◆ Task directions
Beneath this line are entries. Copy the range from the line with "Máy thổi khí con sò Hae Sung HB-929S, Hae" to the line with "晋剧《望海楼台》是根据传统晋", ends included, exactly; leave pictures out.

◆ Input
****************************************

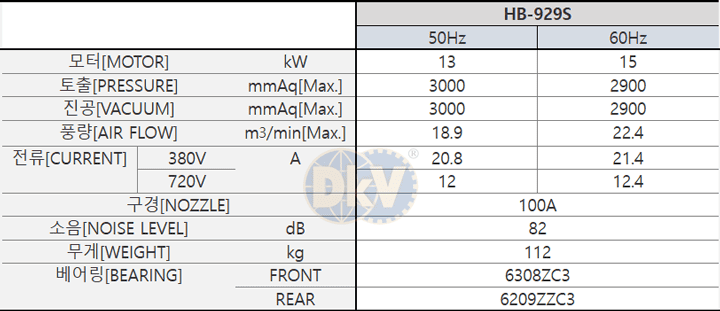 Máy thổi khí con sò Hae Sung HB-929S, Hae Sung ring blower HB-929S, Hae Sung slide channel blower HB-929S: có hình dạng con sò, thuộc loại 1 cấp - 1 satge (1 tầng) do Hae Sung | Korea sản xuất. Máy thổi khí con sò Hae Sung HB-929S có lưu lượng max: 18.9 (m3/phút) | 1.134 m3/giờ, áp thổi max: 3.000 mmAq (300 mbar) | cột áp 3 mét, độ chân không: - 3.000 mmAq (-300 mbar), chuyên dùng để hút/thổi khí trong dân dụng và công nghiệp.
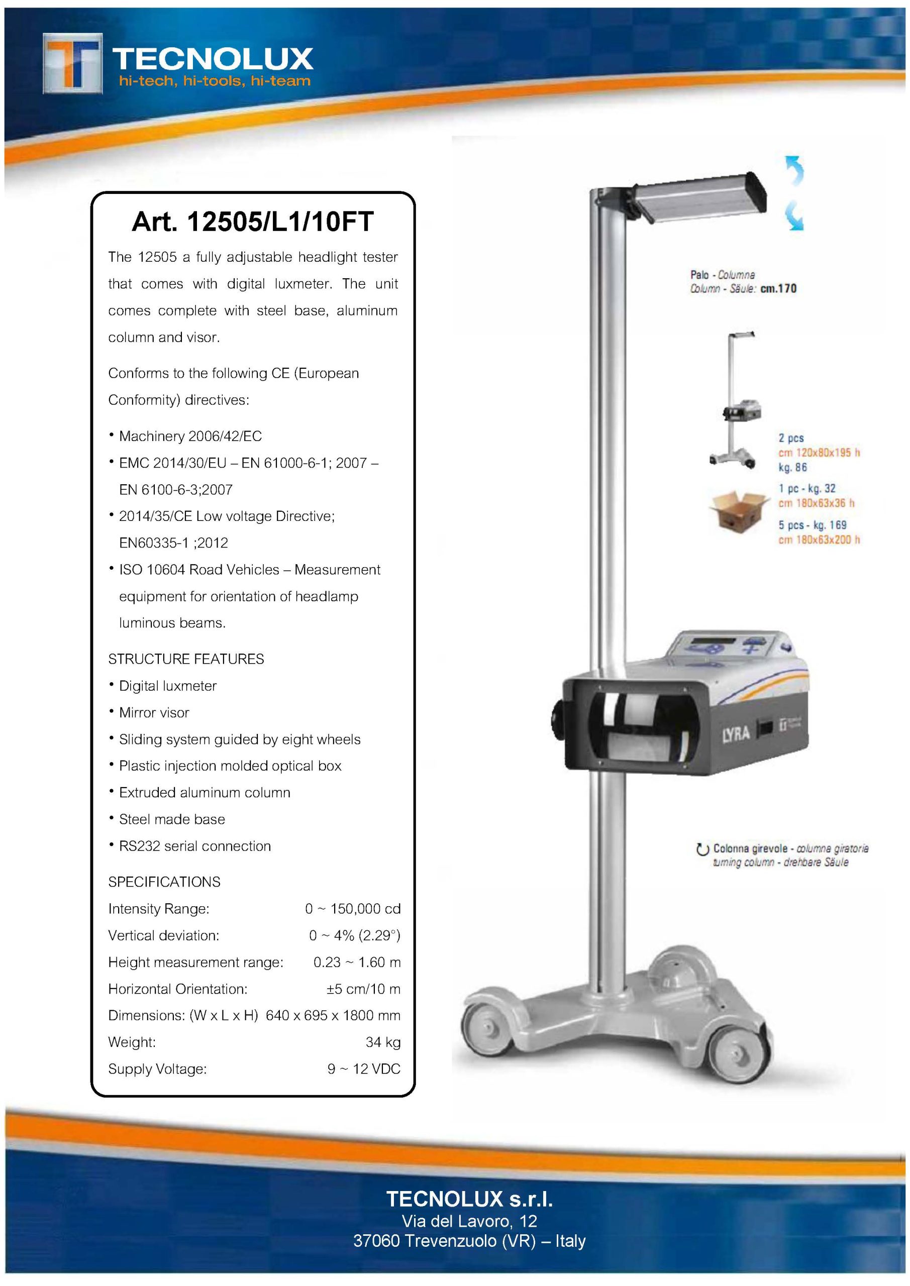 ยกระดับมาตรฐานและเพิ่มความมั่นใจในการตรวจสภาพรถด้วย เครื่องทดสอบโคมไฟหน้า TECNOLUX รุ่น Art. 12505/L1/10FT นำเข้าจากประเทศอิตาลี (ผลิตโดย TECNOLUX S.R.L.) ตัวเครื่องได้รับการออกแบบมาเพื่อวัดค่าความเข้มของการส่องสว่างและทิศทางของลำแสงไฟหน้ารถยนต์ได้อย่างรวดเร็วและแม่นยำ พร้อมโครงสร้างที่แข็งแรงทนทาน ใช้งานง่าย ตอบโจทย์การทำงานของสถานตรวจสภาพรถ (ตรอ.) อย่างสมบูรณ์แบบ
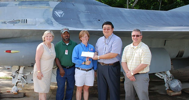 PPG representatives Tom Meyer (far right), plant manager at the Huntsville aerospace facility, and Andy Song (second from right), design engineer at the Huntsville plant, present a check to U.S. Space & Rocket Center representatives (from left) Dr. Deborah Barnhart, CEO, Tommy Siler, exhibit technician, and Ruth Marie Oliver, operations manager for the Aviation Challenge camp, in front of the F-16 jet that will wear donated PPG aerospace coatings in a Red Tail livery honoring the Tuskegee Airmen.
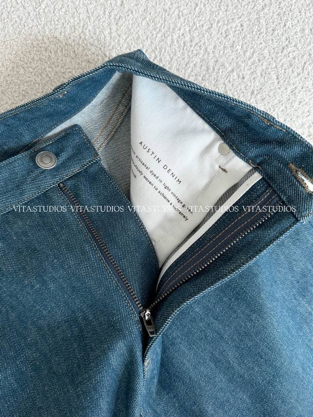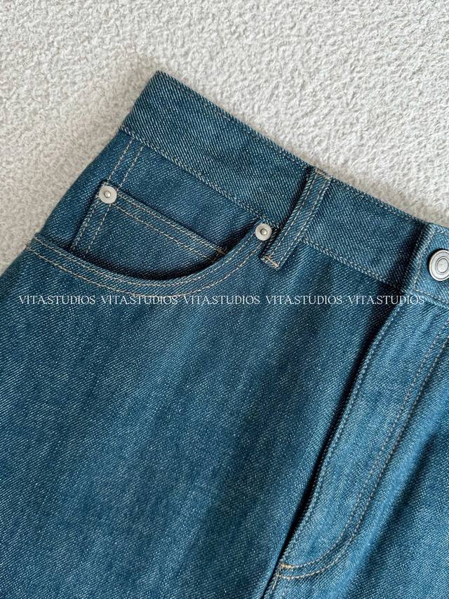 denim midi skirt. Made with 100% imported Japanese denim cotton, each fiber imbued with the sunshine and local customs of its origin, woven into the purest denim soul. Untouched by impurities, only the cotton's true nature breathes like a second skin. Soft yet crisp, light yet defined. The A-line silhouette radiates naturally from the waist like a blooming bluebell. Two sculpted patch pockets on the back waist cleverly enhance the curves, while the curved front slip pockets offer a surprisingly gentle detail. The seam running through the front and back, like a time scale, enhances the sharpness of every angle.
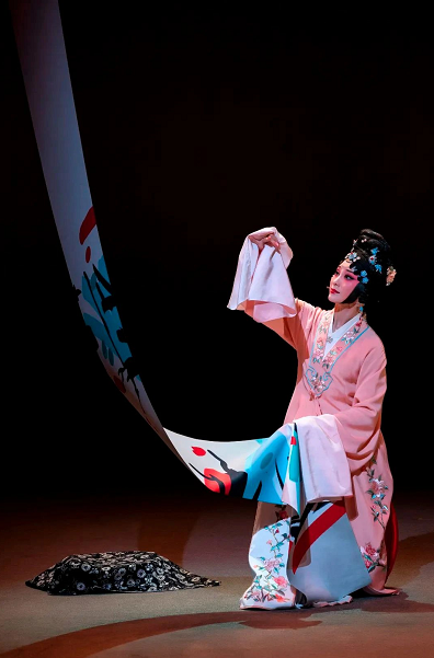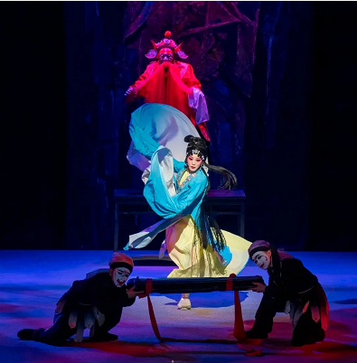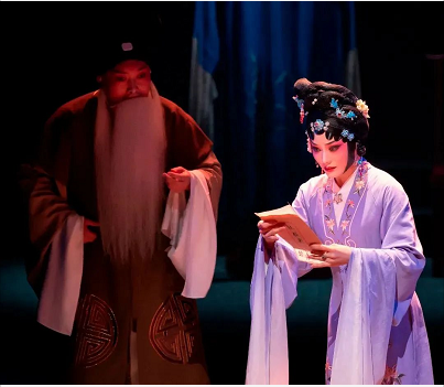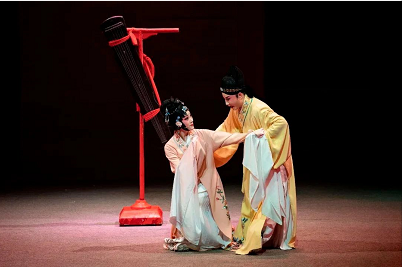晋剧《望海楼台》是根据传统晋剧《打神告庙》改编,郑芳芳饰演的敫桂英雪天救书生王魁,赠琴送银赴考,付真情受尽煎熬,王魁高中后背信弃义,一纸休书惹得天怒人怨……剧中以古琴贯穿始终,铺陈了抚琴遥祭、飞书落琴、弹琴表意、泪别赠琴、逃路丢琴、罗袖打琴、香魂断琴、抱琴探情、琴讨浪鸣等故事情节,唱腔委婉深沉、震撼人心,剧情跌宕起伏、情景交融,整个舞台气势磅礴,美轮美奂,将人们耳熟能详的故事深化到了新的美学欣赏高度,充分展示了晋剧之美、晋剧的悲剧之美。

****************************************

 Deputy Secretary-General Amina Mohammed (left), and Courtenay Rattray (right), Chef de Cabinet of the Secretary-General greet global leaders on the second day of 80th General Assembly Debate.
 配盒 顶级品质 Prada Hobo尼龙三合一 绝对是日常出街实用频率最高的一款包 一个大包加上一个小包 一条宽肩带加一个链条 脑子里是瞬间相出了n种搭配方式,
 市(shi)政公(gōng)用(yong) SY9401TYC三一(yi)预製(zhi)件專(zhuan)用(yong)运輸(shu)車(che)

****************************************

◆ Written solution
 Máy thổi khí con sò Hae Sung HB-929S, Hae Sung ring blower HB-929S, Hae Sung slide channel blower HB-929S: có hình dạng con sò, thuộc loại 1 cấp - 1 satge (1 tầng) do Hae Sung | Korea sản xuất. Máy thổi khí con sò Hae Sung HB-929S có lưu lượng max: 18.9 (m3/phút) | 1.134 m3/giờ, áp thổi max: 3.000 mmAq (300 mbar) | cột áp 3 mét, độ chân không: - 3.000 mmAq (-300 mbar), chuyên dùng để hút/thổi khí trong dân dụng và công nghiệp.
 ยกระดับมาตรฐานและเพิ่มความมั่นใจในการตรวจสภาพรถด้วย เครื่องทดสอบโคมไฟหน้า TECNOLUX รุ่น Art. 12505/L1/10FT นำเข้าจากประเทศอิตาลี (ผลิตโดย TECNOLUX S.R.L.) ตัวเครื่องได้รับการออกแบบมาเพื่อวัดค่าความเข้มของการส่องสว่างและทิศทางของลำแสงไฟหน้ารถยนต์ได้อย่างรวดเร็วและแม่นยำ พร้อมโครงสร้างที่แข็งแรงทนทาน ใช้งานง่าย ตอบโจทย์การทำงานของสถานตรวจสภาพรถ (ตรอ.) อย่างสมบูรณ์แบบ
 PPG representatives Tom Meyer (far right), plant manager at the Huntsville aerospace facility, and Andy Song (second from right), design engineer at the Huntsville plant, present a check to U.S. Space & Rocket Center representatives (from left) Dr. Deborah Barnhart, CEO, Tommy Siler, exhibit technician, and Ruth Marie Oliver, operations manager for the Aviation Challenge camp, in front of the F-16 jet that will wear donated PPG aerospace coatings in a Red Tail livery honoring the Tuskegee Airmen.
 denim midi skirt. Made with 100% imported Japanese denim cotton, each fiber imbued with the sunshine and local customs of its origin, woven into the purest denim soul. Untouched by impurities, only the cotton's true nature breathes like a second skin. Soft yet crisp, light yet defined. The A-line silhouette radiates naturally from the waist like a blooming bluebell. Two sculpted patch pockets on the back waist cleverly enhance the curves, while the curved front slip pockets offer a surprisingly gentle detail. The seam running through the front and back, like a time scale, enhances the sharpness of every angle.
晋剧《望海楼台》是根据传统晋剧《打神告庙》改编,郑芳芳饰演的敫桂英雪天救书生王魁,赠琴送银赴考,付真情受尽煎熬,王魁高中后背信弃义,一纸休书惹得天怒人怨……剧中以古琴贯穿始终,铺陈了抚琴遥祭、飞书落琴、弹琴表意、泪别赠琴、逃路丢琴、罗袖打琴、香魂断琴、抱琴探情、琴讨浪鸣等故事情节,唱腔委婉深沉、震撼人心,剧情跌宕起伏、情景交融,整个舞台气势磅礴,美轮美奂,将人们耳熟能详的故事深化到了新的美学欣赏高度,充分展示了晋剧之美、晋剧的悲剧之美。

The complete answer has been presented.